I am not suggesting that a person try to vent their anger in a situation of jeopardy. Let the tough guys go on being the manly men who they are. If you in your own mind acknowledge that you’re angry, it is good enough, and it is none of anyone’s business. Nor am I suggesting that you become the bullying person like the one who caused you to get sickened. The world has enough aggressors without adding another one. 

When the step is taken of redirecting anger outward, it can create a rude person, unless a number of strategies are used to vent the anger without becoming an ogre. When angered or upset, I give myself a time out. I also try to refrain from speaking except perhaps to communicate that I am going in another room. During the time out, I allow myself to calm down and get over the anger. Then my thoughts become clearer and less polarized. At this point, I try to stop blaming anyone for being the cause of my anger. Other people do not create your anger—you do it to yourself. Blaming another person for your emotions is dysfunctional. 

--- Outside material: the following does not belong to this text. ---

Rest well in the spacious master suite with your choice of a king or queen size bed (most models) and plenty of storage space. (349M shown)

When I tried to quit Zyprexa and replace it with another medication, a few years back, it nearly made my wife move out. My behavior was rude and disagreeable, and I lost the insight that would have told me how I was acting and how others were reacting. Despite the side effects of Zyprexa which include metabolic syndrome, (a serious health risk), I am stuck taking that medication; for now the usefulness of it is irreplaceable for me. I try to compensate by watching what I eat. Unfortunately, most atypical antipsychotic medications have the same deleterious side effect. One hopes that the drug companies will come out with something better. 

I get stressed out sometimes by situations that would not affect most people. I have learned to simply let my wife do many things on her own, and leave me out of them. She doesn’t always like this. Yet the alternative is to put me in situations I wasn’t built for. Grocery shopping is one of my problem areas. I experienced a very traumatic event when I worked at a grocery store at age nineteen. That might be the reason why I can’t tolerate grocery stores, or there is some other factor that I am unaware of. We get some of our food at a drugstore rather than at a supermarket, and this is a help. 

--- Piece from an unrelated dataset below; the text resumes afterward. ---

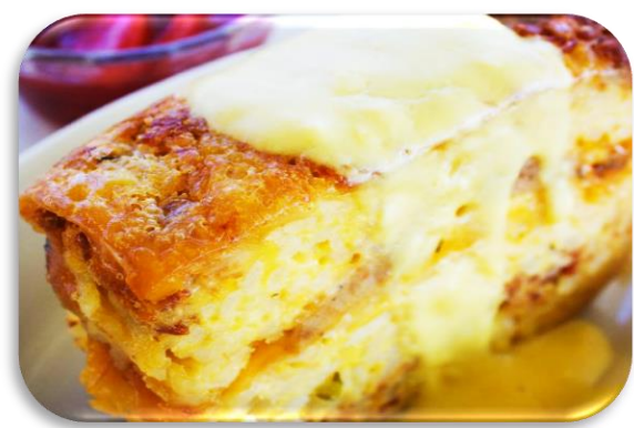
Baked Egg Stratta 59.99

If a person at all times acts nice and sweet, it does not necessarily indicate that anger isn’t present. That person might be trying to live up to a religious or philosophical ethic that values non aggression. Or, that person could have been severely punished for acting angry, and is terrified to express such an emotion. It is not a reasonable guideline to expect oneself or another person never to be angry. It is an emotion given to us by evolution for the purpose of self-protection. Fear is another emotion that helped our ancestors survive and bring us into existence. These emotions are deeply ingrained. I would be suspicious of anyone who claims they are without these emotions. 

It takes work to know if a person’s anger is due to issues or if it is due to the presence of a chemical imbalance. If someone’s anger seems excessive and not in proportion to the issue that it is about, it might indicate that medication, if not present, should be used. If the person is already on medication, and the anger seems excessive, the medication may need to be bumped up a bit. Yet, the mere presence of anger need not be attributed to there being something “wrong” with a person; it is a normal human emotion. 

The goal, then, is to direct the fear and anger toward positive acts that benefit us all. One doesn’t need to bully others in the name of expressing feelings. With practice, bottled up feelings can be vented without needing to victimize anyone in the process. And if someone’s anger seems out of proportion and out of control, it could be a medical issue.